Newly Diagnosed with Diabetes
Being diagnosed with diabetes can be a shock
When newly diagnosed with diabetes, most people find themselves in a state of shock. However, being diagnosed with diabetes doesn't prevent you from leading a 'normal' life.
There are stories on
the Diabetes Forum from people who have had all sorts of experiences when being diagnosed.
Most people receive great care from their GP and healthcare team, although some people
report having just been given some tablets and been told to get on with it.
If this happens to you, make sure your doctor finds time to discuss your condition with you, or refer you to someone who can answer your questions better than they can.
No matter what your experience is when being diagnosed, the Forum is full of people who understand what you are going through because they have lived through it and been in your shoes.

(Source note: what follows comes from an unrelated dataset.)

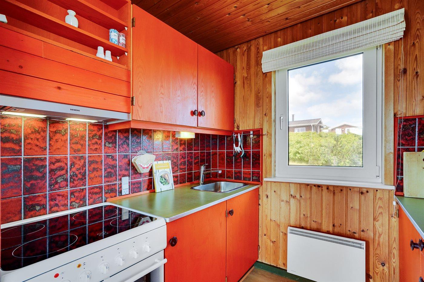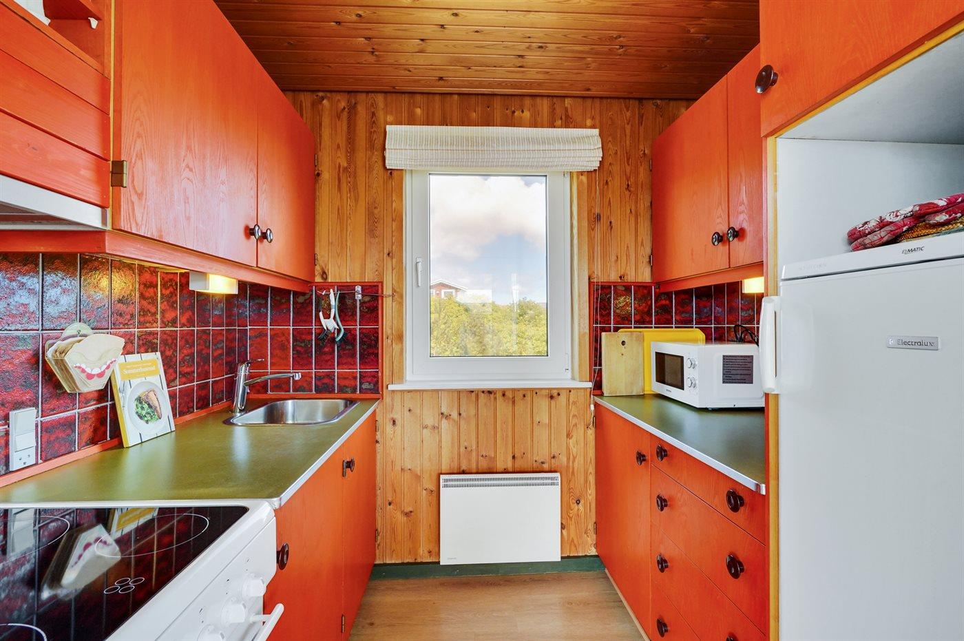 Køkkenet er udstyret med 1 køleskab. Der er 4 keramiske kogeplader, varmluftovn, mikrobølgeovn.

Feel free to bring up any topics or questions there and the community
will do their best to help you out.
What type of diabetes do I have?
If you know the type of diabetes you have, read further guidance related to your diabetes type:
There are also guides for those newly diagnosed with LADA, MODY or Diabetes insipidus.
You will know that diabetes means that your blood has higher amounts of glucose/sugar in than normal.
However, you may have other questions about why this is the case and how diabetes will affect you.
Understand your diet
The diet you have may depend on your diabetes type.
If you’ve been diagnosed with type 1 diabetes, you will need to
be aware of how much carbohydrate is in meal times in order to balance your insulin doses.
Many people with diabetes find carbohydrate counting courses to be very helpful,
with the DAFNE course receiving particular praise. Ask your doctor about the possibility of being put on carbohydrate counting course.
Diet can help people with type
2 diabetes to better manage diabetes. NHS diet advice has received a certain amount of criticism from diabetes patients over a reliance of the diet on carbohydrate; however, some NHS practices appear to be better than others.
Book a place on a diabetes education course
For type 1 diabetes, as mentioned above, the carbohydrate courses are very helpful.
For type 2 diabetes, a range of diabetes education courses exist, which help you to manage to your diabetes,
whilst also providing the chance to meet others with diabetes.